By Kirk Gray | March 12, 2013 at 11:33 AM EDT | No Comments
Posted February 10, 2012
Historically Reliability Engineering of Electronics has been dominated by the belief that 1) The life or percentage of hardware failures that occurs over time can be estimated, predicted, or modeled and 2) Reliability can be calculated or estimated through statistical and probabilistic methods to improve hardware reliability. The amazing thing about this is that during the many decades that reliability engineers have been taught this and believe that this is true, there is little if any empirical field data from the vast majority of verified failures that shows any correlation with calculated predictions of failure rates.
The probabilistic statistical predictions based on broad assumptions of the underlying physical causes begin with the first electronics reliability prediction guide begin November 1956, with the publication of the RCA release TR-1100, "Reliability Stress Analysis for Electronic Equipment", which presented models for computing rates of component failures. This publication was followed by the "RADC Reliability Notebook" in October 1959, and the publication of a military reliability prediction handbook format known as MIL-HDBK-217.
It still continues today with various software applications which are progenies of the MIL-HDBK-217. Underlying these “reliability prediction assessment” methods and calculations is the assumption that the main driver of unreliability is due to components that have intrinsic failure rates moderated by the absolute temperature.
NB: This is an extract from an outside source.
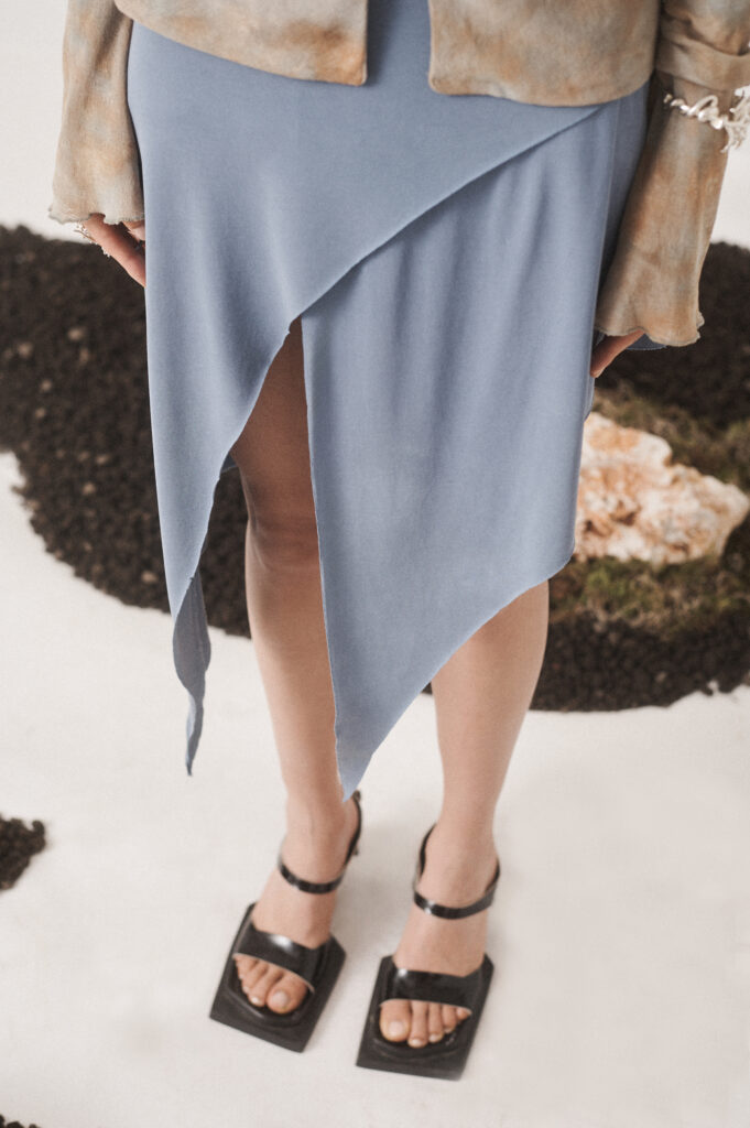 The asymmetrical skirt features draping that enhances movement, giving a scarf style effect.

It has been assumed that the component failure rates follow the Arrhenius equation and that component failure rates approximately doubles for every 10 degC.
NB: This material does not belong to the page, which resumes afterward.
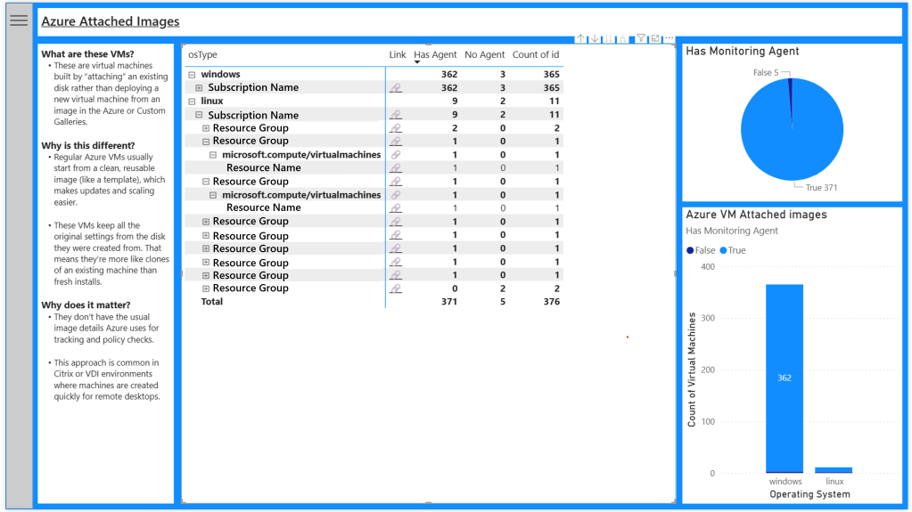 This helps identify all the images that require additional consideration. For example you may have deployed an Azure Marketplace image from a vendor where the operating system has been harden, or configured in such a way that no longer supports the Azure Monitor Agent. These reports is designed to help identify these scenarios.

MIL-HDBK-217 was removed from the military as reference document in 1996 and has not been updated since that time; it is still being reference unofficially by military contractors and still believed to have some validity even without any supporting evidence.
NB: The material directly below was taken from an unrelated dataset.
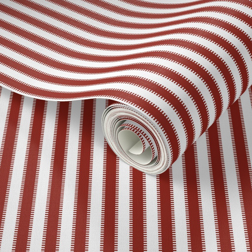 Serrated Winterberry Red Lace Mini Stripe on White Wallpaper

Electronics reliability engineering has a fundamental “knowledge distribution” problem in that real field failure data, and the root causes of those failures can never be shared with the larger reliability engineering community. Reliability data is some of the most confidential sensitive data a manufacturer has, and short of a court order will never be published. Without this information being disseminated and shared, little changes in the beliefs of the vast majority of the engineering community.
Even though the probabilistic prediction approach to reliability has been practiced and applied for decades any engineer who has seen the root causes of verified field failures will observe that most all failures that occur before the electronic system is technologically obsolete, are caused by 1) errors in manufacturing 2) overlooked design margins 3) or accidental overstress or abuse by the customer. The timing of the root causes of these failures, which many times are caused by multiple events, are random and inconsistent. Therefore there is no basis for applying statistical or probabilistic predictive methods.
It is long past time that the electronics design and manufacturing organizations to abandon these invalid and misleading approaches, acknowledge that reliability cannot be estimated from assumptions and calculations. Instead a more effective approach is to put most of your reliability engineering resources to finding 1) errors in manufacturing 2) overlooked design margins 3) or weakest link that my cause failure in the roughest environment a customer may subject through stress testing as quickly as possible.